> **WHAT TO WORK ON**
Please reproduce the lines of the records below from the one holding "Створений спеціально для" through the one holding "活动中,班级心理委员们参与了", inclusive, skipping all pictures.

> **RECORDS SUPPLIED**
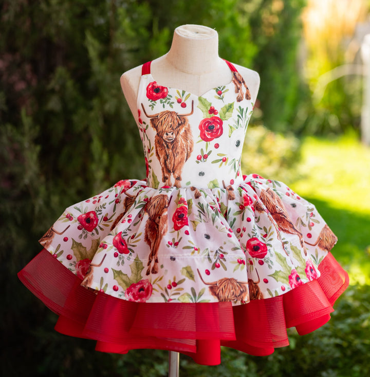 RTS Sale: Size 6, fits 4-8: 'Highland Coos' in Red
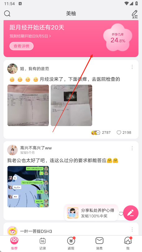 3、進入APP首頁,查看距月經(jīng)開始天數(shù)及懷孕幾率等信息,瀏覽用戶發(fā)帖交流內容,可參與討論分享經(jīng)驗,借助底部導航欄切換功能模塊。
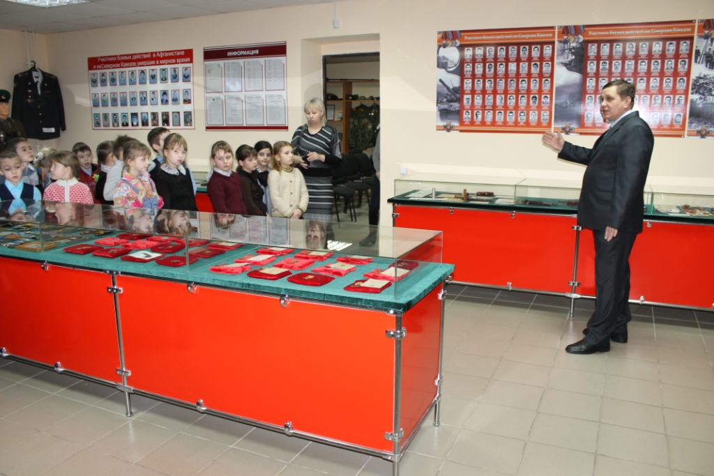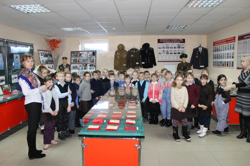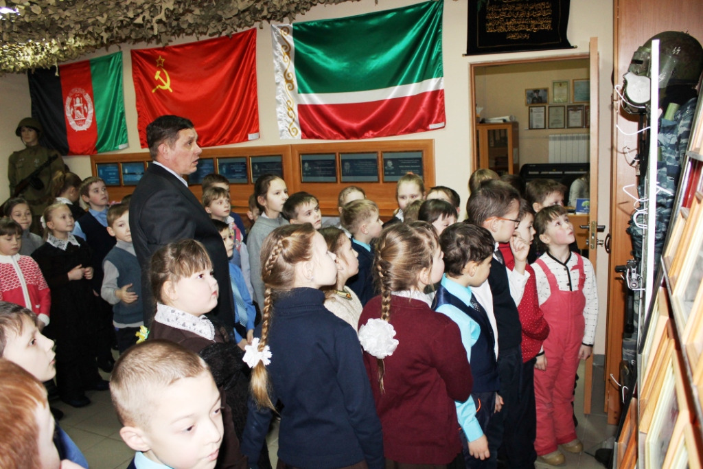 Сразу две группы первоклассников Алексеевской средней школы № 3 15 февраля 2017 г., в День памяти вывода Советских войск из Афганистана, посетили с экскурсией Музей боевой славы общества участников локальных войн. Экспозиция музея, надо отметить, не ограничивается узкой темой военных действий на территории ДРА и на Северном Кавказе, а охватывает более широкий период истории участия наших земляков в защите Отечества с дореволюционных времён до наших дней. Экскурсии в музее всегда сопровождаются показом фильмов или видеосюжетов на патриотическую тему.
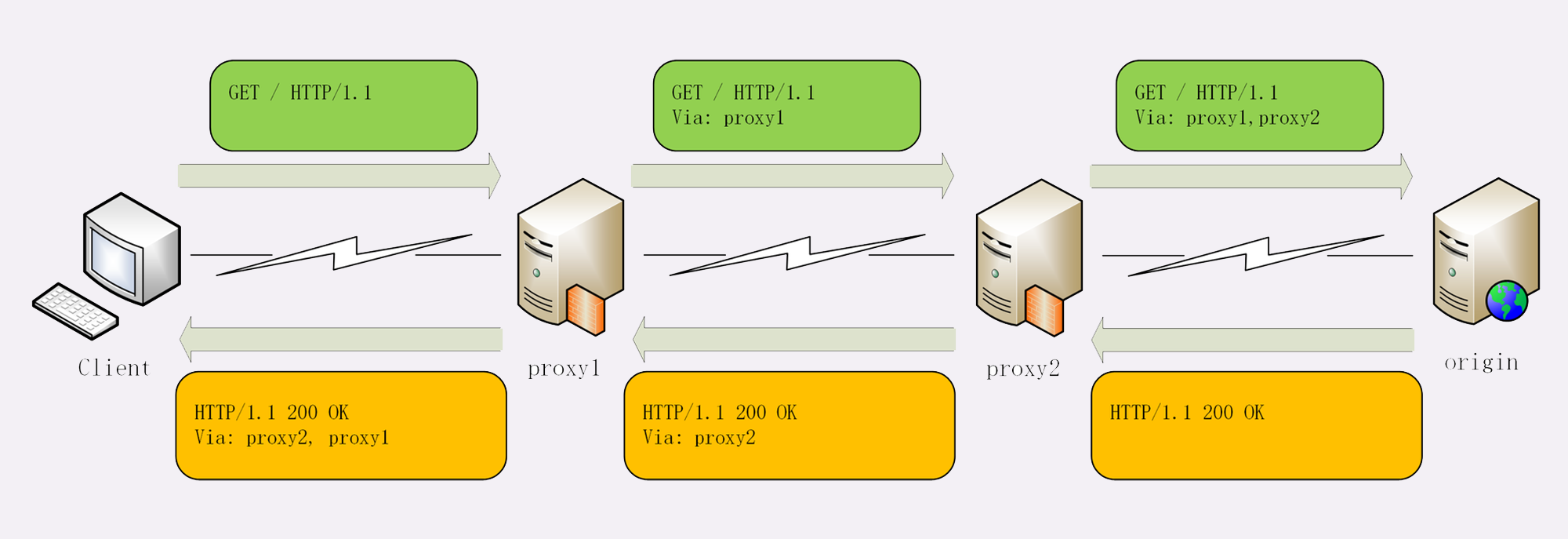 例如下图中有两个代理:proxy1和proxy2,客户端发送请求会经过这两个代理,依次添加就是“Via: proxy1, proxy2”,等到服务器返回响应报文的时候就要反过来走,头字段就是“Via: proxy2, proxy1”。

--

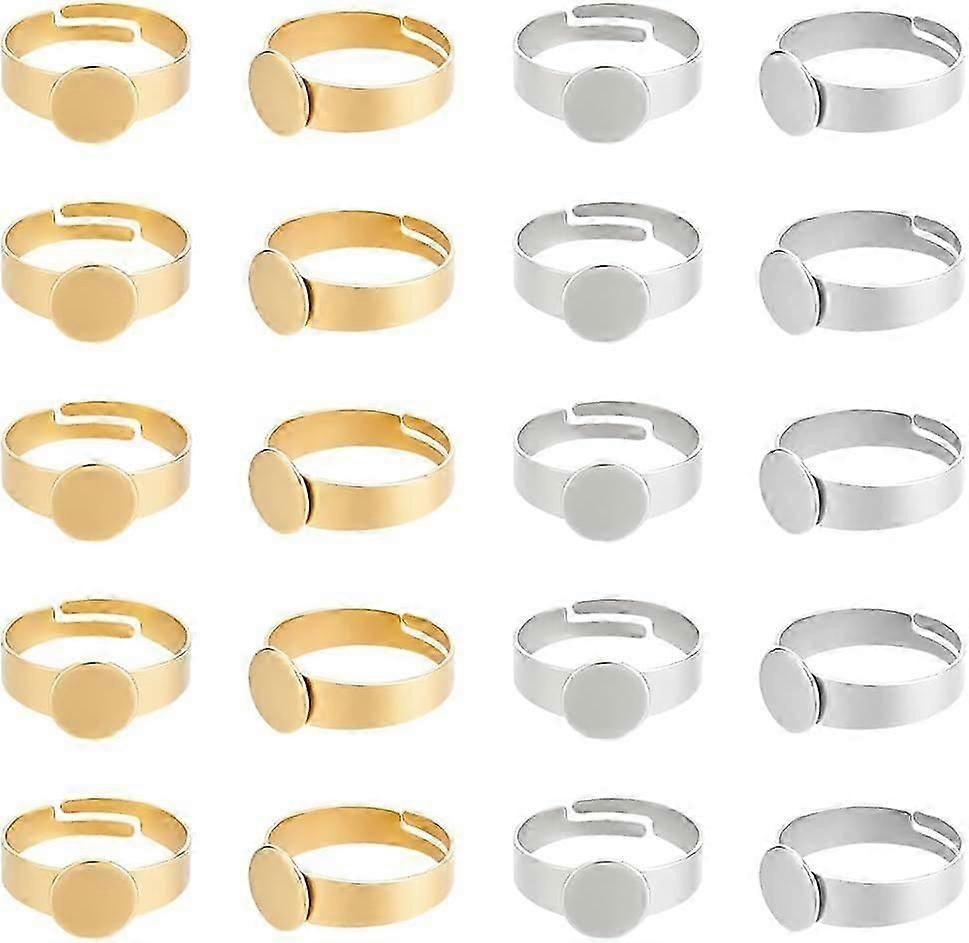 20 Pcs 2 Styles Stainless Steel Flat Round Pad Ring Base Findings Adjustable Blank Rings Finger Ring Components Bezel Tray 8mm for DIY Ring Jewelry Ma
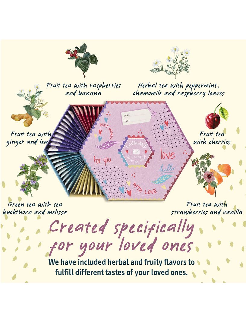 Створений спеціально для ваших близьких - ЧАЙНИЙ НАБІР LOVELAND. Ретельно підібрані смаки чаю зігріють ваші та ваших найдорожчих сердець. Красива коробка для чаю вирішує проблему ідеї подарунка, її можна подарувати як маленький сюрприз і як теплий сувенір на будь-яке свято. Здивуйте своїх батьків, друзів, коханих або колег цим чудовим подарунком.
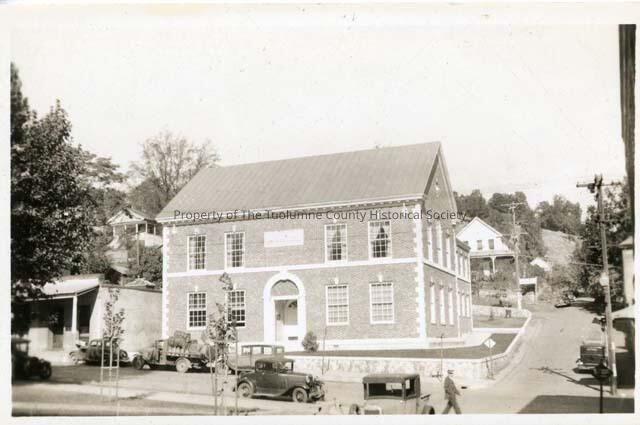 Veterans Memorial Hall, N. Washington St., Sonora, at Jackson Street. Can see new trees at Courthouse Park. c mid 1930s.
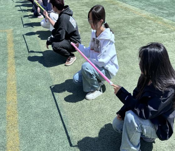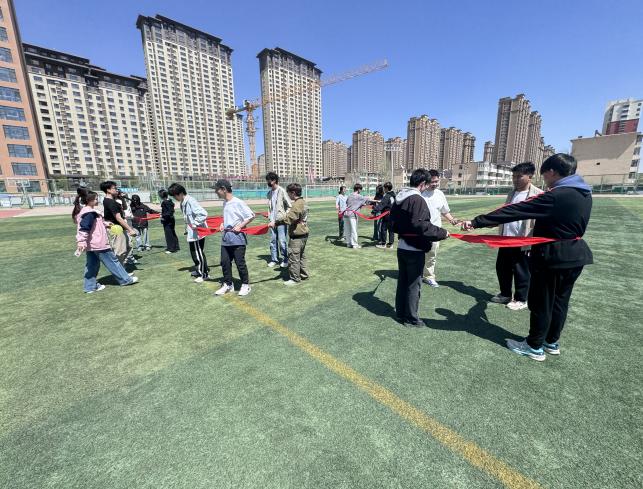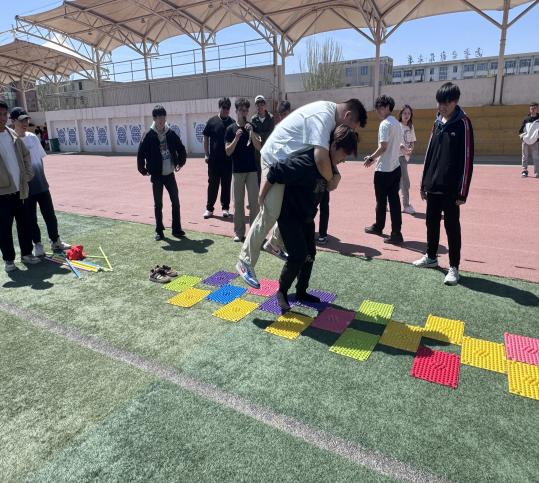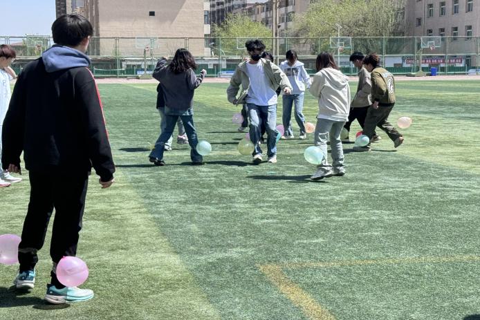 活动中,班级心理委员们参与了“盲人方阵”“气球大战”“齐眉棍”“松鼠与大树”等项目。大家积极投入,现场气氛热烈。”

==

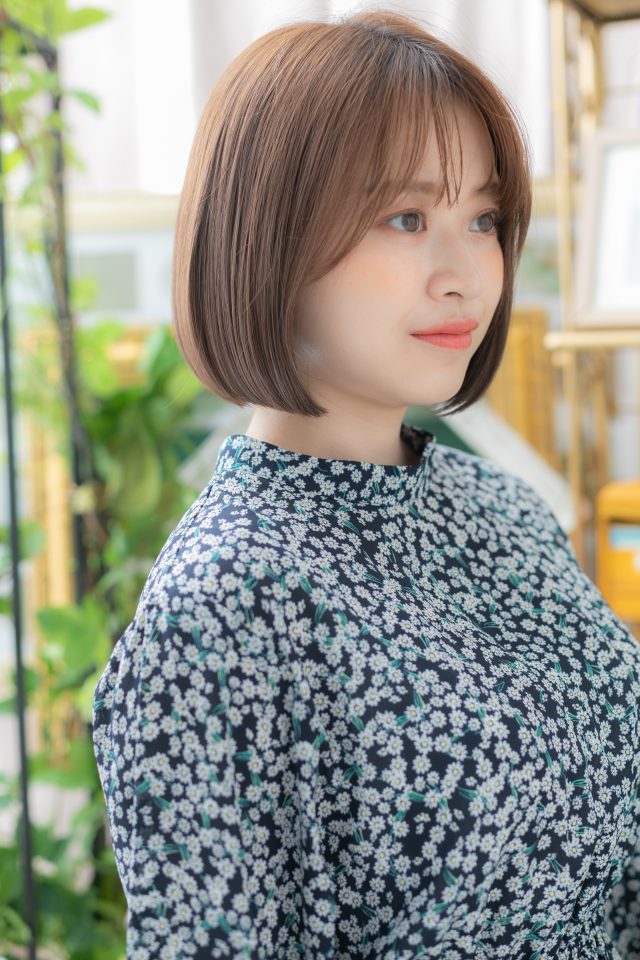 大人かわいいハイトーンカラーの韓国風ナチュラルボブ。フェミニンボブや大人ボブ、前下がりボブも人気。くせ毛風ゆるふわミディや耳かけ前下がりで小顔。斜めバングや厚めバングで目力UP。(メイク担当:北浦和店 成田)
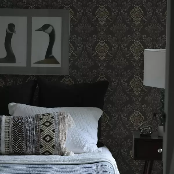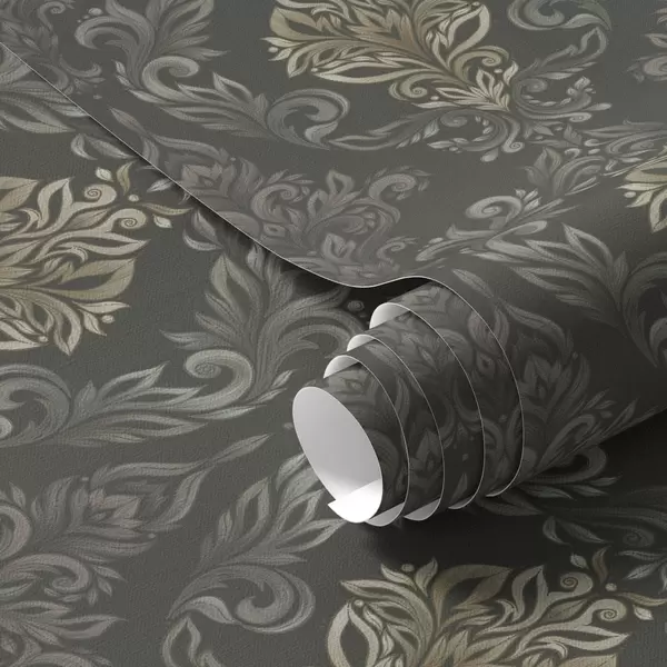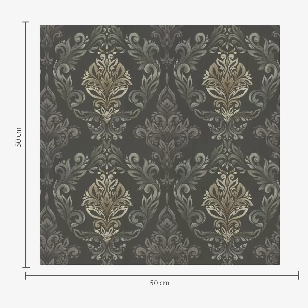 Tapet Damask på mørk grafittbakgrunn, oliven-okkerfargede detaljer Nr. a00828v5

> **RESULT OF THIS TASK**
 Створений спеціально для ваших близьких - ЧАЙНИЙ НАБІР LOVELAND. Ретельно підібрані смаки чаю зігріють ваші та ваших найдорожчих сердець. Красива коробка для чаю вирішує проблему ідеї подарунка, її можна подарувати як маленький сюрприз і як теплий сувенір на будь-яке свято. Здивуйте своїх батьків, друзів, коханих або колег цим чудовим подарунком.
 Veterans Memorial Hall, N. Washington St., Sonora, at Jackson Street. Can see new trees at Courthouse Park. c mid 1930s.
 活动中,班级心理委员们参与了“盲人方阵”“气球大战”“齐眉棍”“松鼠与大树”等项目。大家积极投入,现场气氛热烈。”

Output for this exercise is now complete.